Both banks do seem to be in the market for part-time tellers. Of 11 teller jobs posted recently by Fleet on Monster.com, nine are for part-timers. Bank of America has several thousand teller jobs across the country posted on its website, and most appear to be part time as well. The Fleet listings described the jobs as about 20 hours a week. One, for an opening in Maine, puts the salary at between $6 and $13 an hour.

Bank of America has not publicly disclosed the number of layoffs in Fleet branches, or how many people would move around. A spokeswoman said Tuesday night the layoffs ultimately would take away jobs in some branches and add jobs in others.

Bank of America has successfully used part-time tellers to build a reputation for customer service across the country, said Tony Plath, a professor at the University of North Carolina at Charlotte. He said the bank's flexible staffing model ultimately means shorter wait times for customers, and very high levels of customer satisfaction -- what the bank calls "customer delight."

Unlike traditional banks, where tellers stand behind a barrier and wait on customers, Bank of America fans out many of its staff members to areas around the floor to meet them. That means fewer people stand in line, and the bank workers can focus on building relationships with customers, rather than just waiting on them.

"It's more flexible and more visible -- a different kind of model," he said. "Customers have responded really positively, and they build market share using it. On both accounts, it has been successful."

For some Fleet employees yesterday, the bank's decision to shift employees from job to job, with little warning, was at least as painful as a layoff.

In Braintree, a branch manager stopped by one Fleet employee's home yesterday morning to deliver the news. The woman had been a sales and service representative at Fleet, a job that allowed her to meet customers at the door, and help them with financial questions. She had been taking classes for an master's degree in business administration.

But sitting side by side on the couch, the branch manager told the woman, a single mother of five, that the bank wanted her to be a teller instead. She'll lose her sales commissions -- which run as much as $5,000 per year -- and likely forfeit her annual raise, she said.

As for her MBA, most of which Fleet had agreed to fund, she was told she could forget about that. "Tellers don't need MBAs," said the woman, summarizing what her human resources manager told her. She did not want her name used to avoid any more problems with the bank. She now may quit Fleet altogether.

Some New England public officials yesterday questioned Bank of America's decision to lay off branch employees. Connecticut's attorney general, Richard Blumenthal, said in a statement he has asked Bank of America to detail the number and location of layoffs in his state and explain how the bank plans to fill those empty positions.

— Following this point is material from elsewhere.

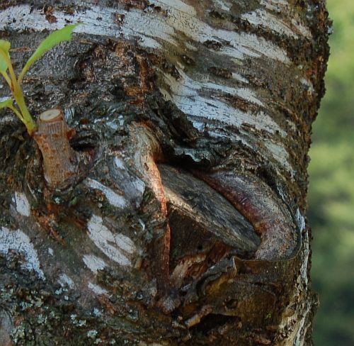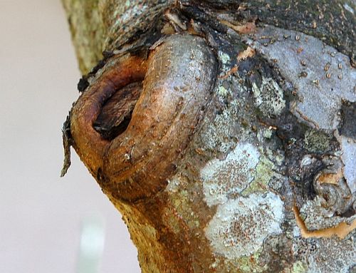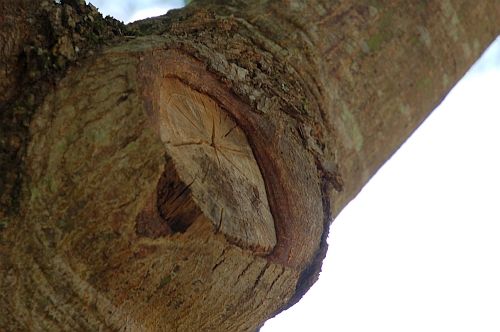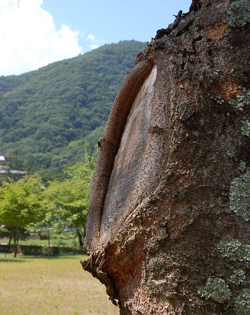 その1つを間近で観察してみると・・・、切り口を覆い隠すかのように、周りの樹
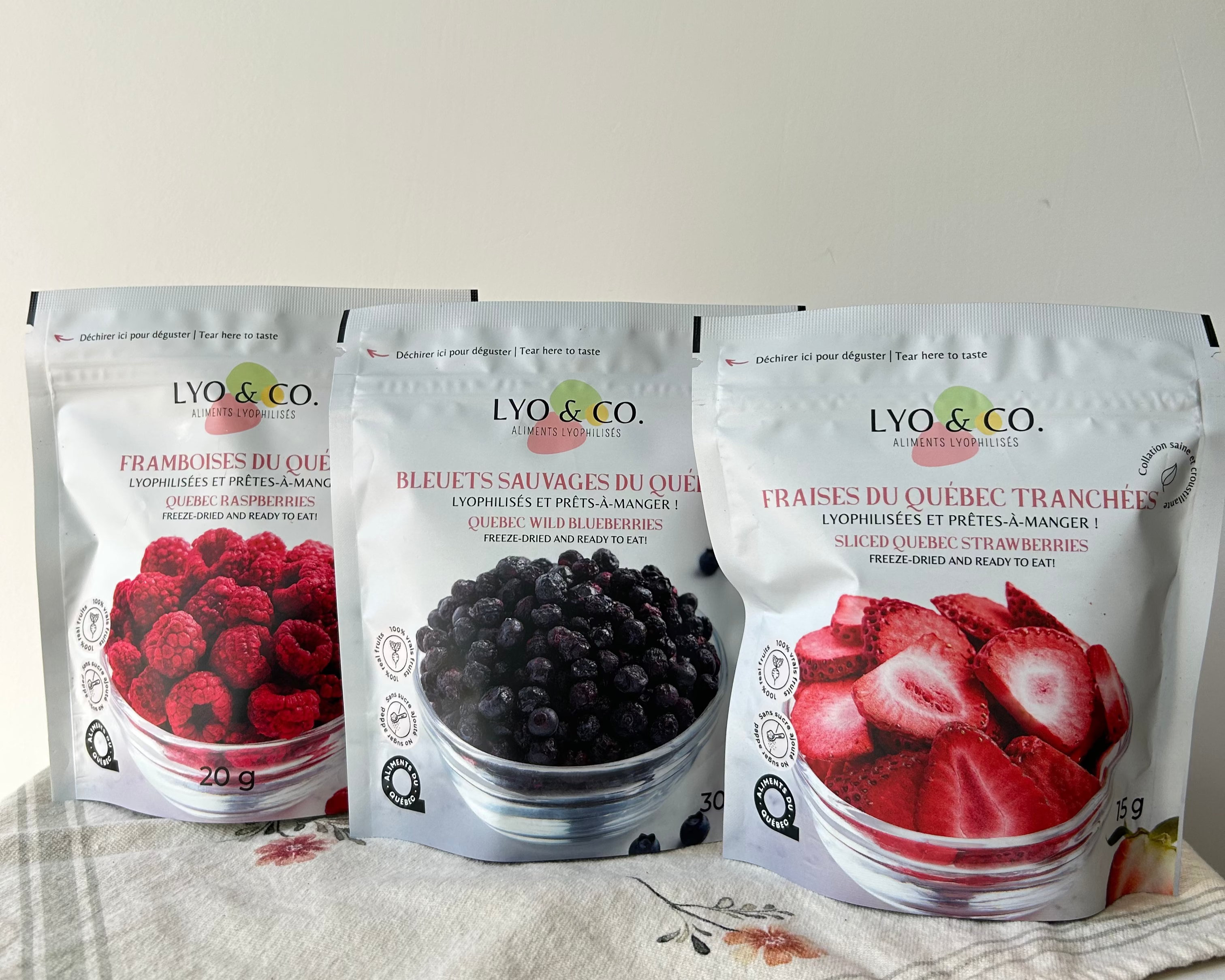Offert en 3 saveurs : Bleuets, fraises et framboises.

"The commitments made by Bank of America to me, both oral and written, were clean and concise: That current employment levels will be kept constant, if not increased, and no overall staffing numbers will be cut," he said.

In downtown Boston yesterday, television news crews camped out at bank branches and customers anxiously scanned the tellers looking for familiar faces. One woman visiting the Summer Street Fleet branch asked the teller how many people had been laid off.

Customers also felt the impact: David Nolan, who has been a Fleet customer for more than 15 years, said he now is thinking about leaving the bank.

"This is part of the latest paradigm, where things are getting gobbled up and individual rank and file are paying the price for it," Nolan said. "I don't think that's right."

One Fleet employee at the bank's 100 Federal St. headquarters downtown, who declined to be identified, said she first heard the news yesterday morning. She had no clue until then that hundreds of Fleet employees would be laid off. "People are a little weary of the merger," she said of her fellow employees. "They don't get as much information as they think they should."